» Your objective
Pictures in the data should be dropped; transcribe exactly the lines from the one that has "訪問着 身丈160cm 裄丈62.5cm" through the one that has "In this regard".

(Data items)
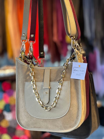 Prachtige schoudertas in een combinatie van leder en suède met 2 afneembare hengels zodat je ze ook crossbody kan dragen. Binnenkant met middenvak zodat je 3 aparte compartimenten krijgt . 100% rundleder en verkrijgbaar in 5 kleuren; taupe , camel , chocolade bruin , bordeaux en zwart
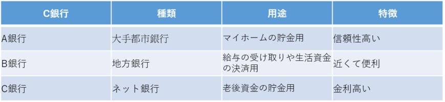 例を挙げてみましょう。(「銀行口座の使い分けの例」の表を参照)
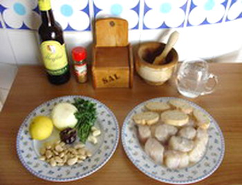 3.- En unacazuela con un poco de aceite ponemos el rape y le cubrimos con elmajado a fuego medio, añadiendo un poco de agua si fuese preciso. En menos de 15minutos estará listo. Este es el momento de añadir la ralladura dela cáscara de limón.
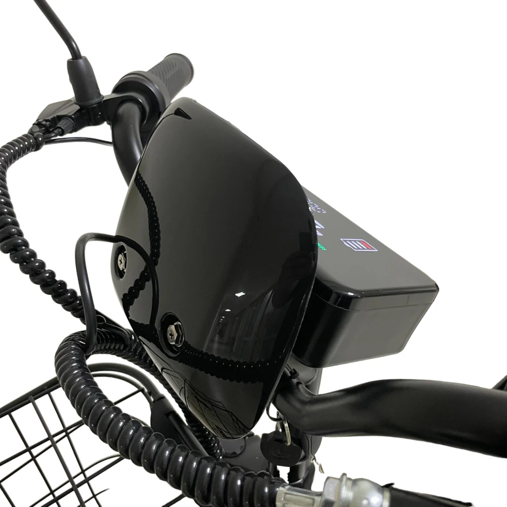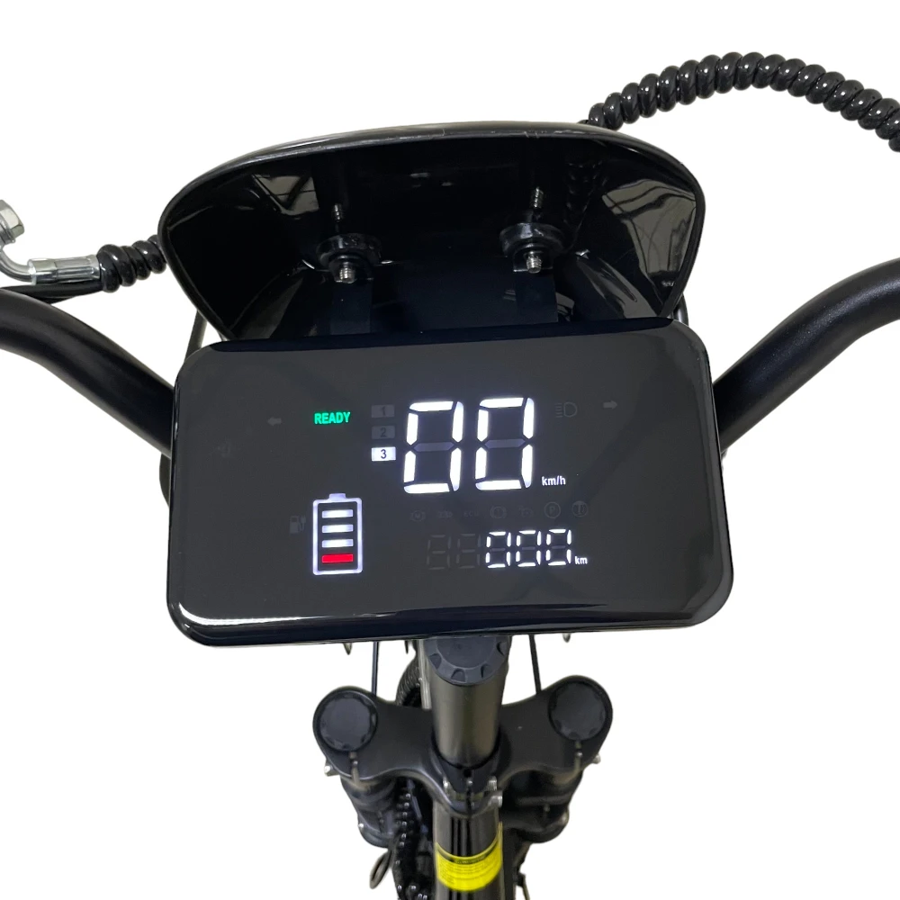 LCD показывает скорость, пробег, заряд и вольтаж — полный контроль поездки одним взглядом.
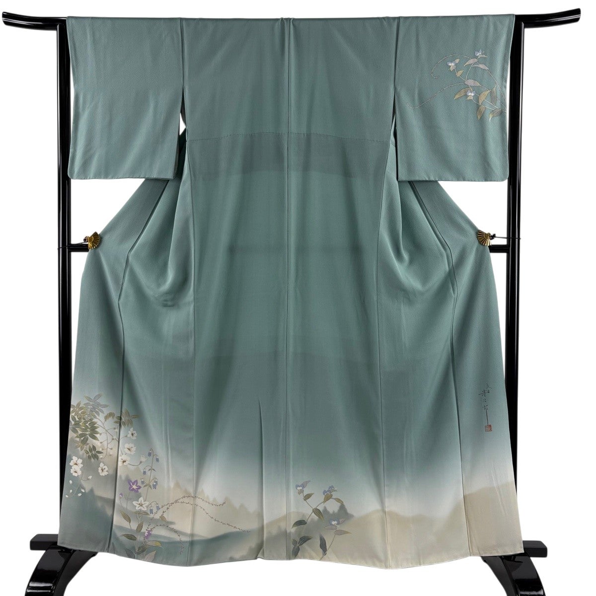 訪問着 身丈160cm 裄丈62.5cm S 袷 落款あり 秋草 蔦 金彩 ぼかし 青灰色 正絹 秀品 一つ紋
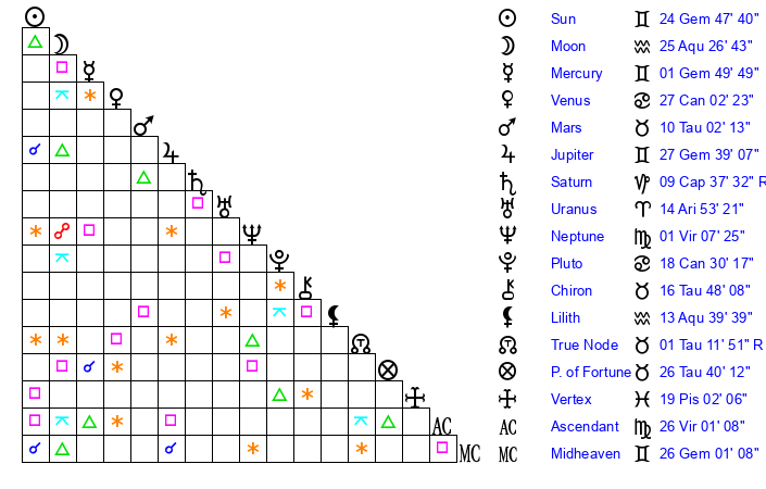 | Moon | 25 Aquarius 23 | 29 Aquarius 19 | 17 Leo 1 |
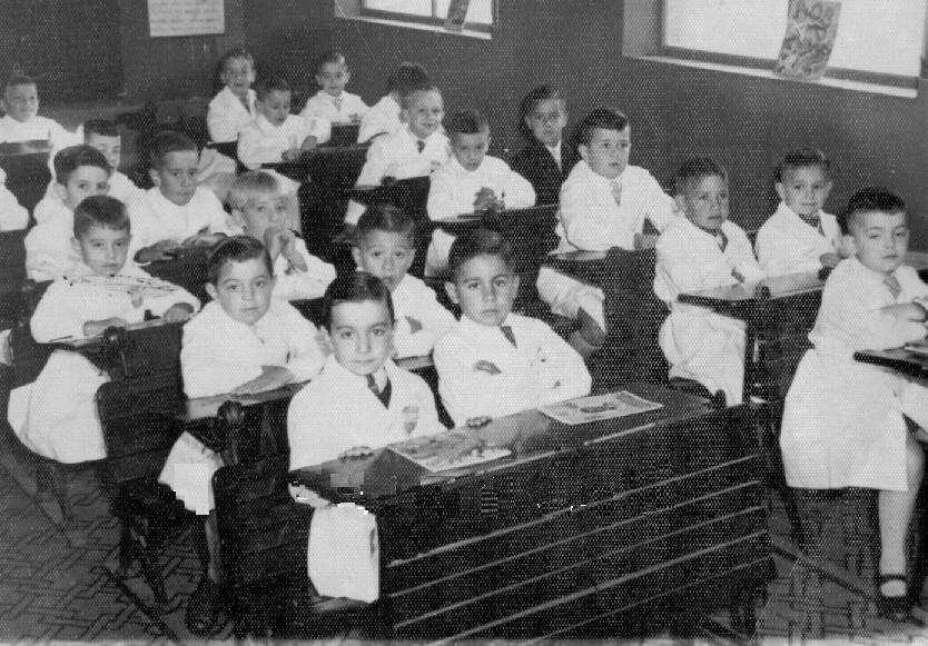 In this regard the Argentine schools seem similar to Spanish and Italian schools. An Argentine reader tells us, " During my years of schooling in Argentina (1950s-60s), which resembles very much the picture illustrating the theme, that was the norm. All the boys are neatly dressed with the pristine and impeccable whie lab coats and well behavior in the classroom as well as in the school was expected."
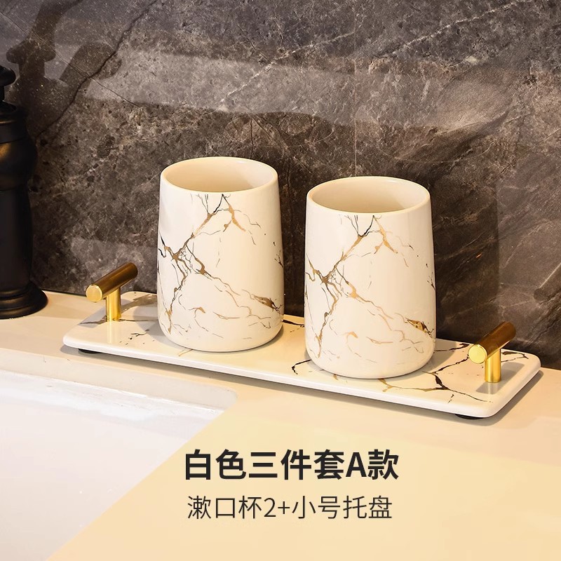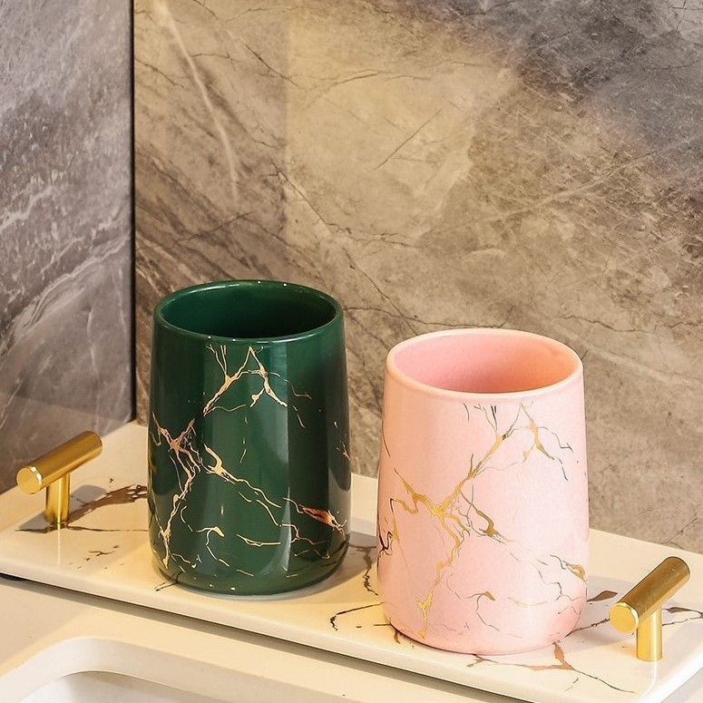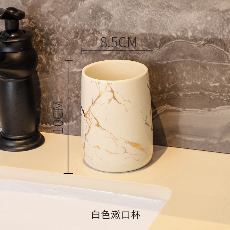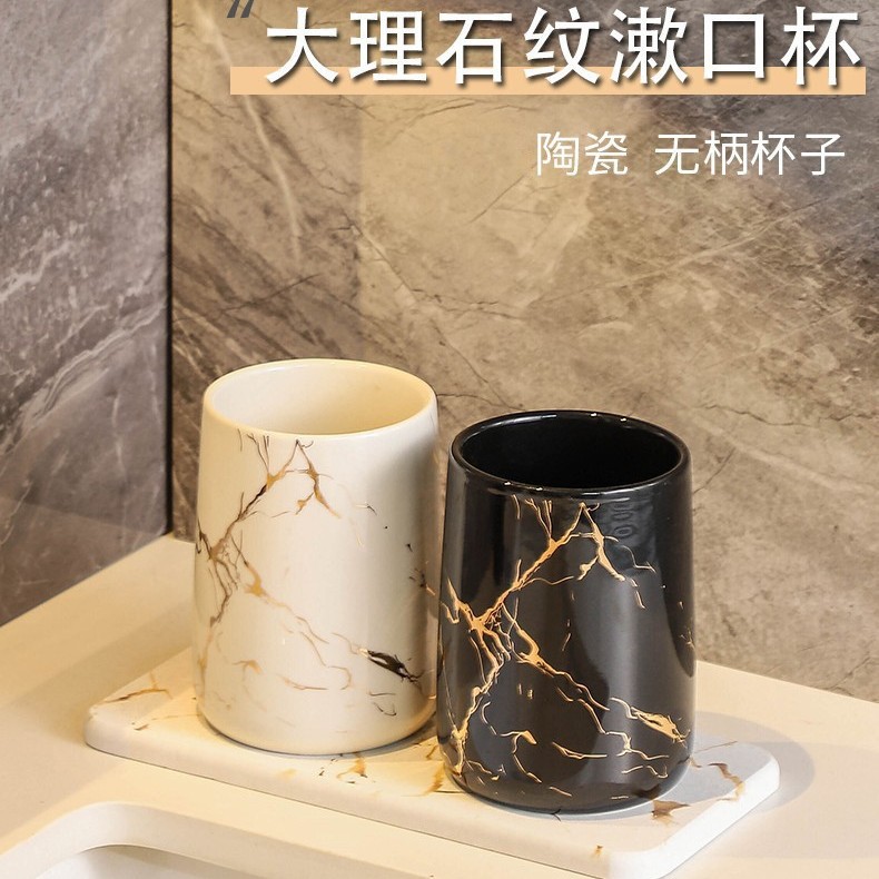Simple and creative couple washbasin cups, home bathroom ceramic toothbrush cups, marble-patterned handless mouthwash cups
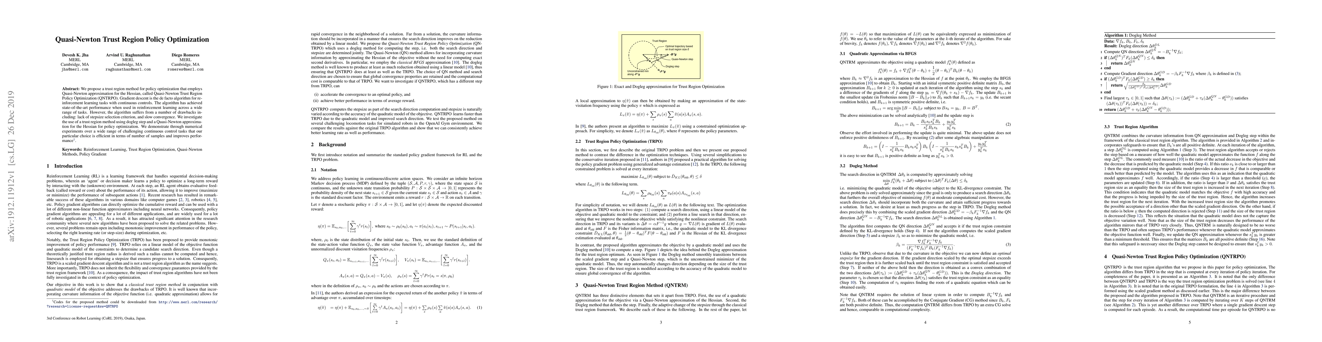 This paper introduces Quasi-Newton Trust Region Policy Optimization (QNTRPO), a trust region method for policy optimization that uses a Quasi-Newton approximation for the Hessian. It aims to address the drawbacks of gradient descent, such as lack of stepsize selection and slow convergence, demonstrating improved efficiency and performance in continuous control tasks.
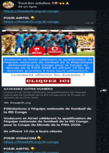 Dans cet élan de célébration, un lien circulant dans plusieurs groupes WhatsApp renvoie vers un formulaire prétendument offert par Airtel et Vodacom. Celui-ci promet 10 Go de connexion gratuite pour « célébrer la qualification » des Léopards.

» Answer to the problem
 訪問着 身丈160cm 裄丈62.5cm S 袷 落款あり 秋草 蔦 金彩 ぼかし 青灰色 正絹 秀品 一つ紋
 | Moon | 25 Aquarius 23 | 29 Aquarius 19 | 17 Leo 1 |
 In this regard the Argentine schools seem similar to Spanish and Italian schools. An Argentine reader tells us, " During my years of schooling in Argentina (1950s-60s), which resembles very much the picture illustrating the theme, that was the norm. All the boys are neatly dressed with the pristine and impeccable whie lab coats and well behavior in the classroom as well as in the school was expected."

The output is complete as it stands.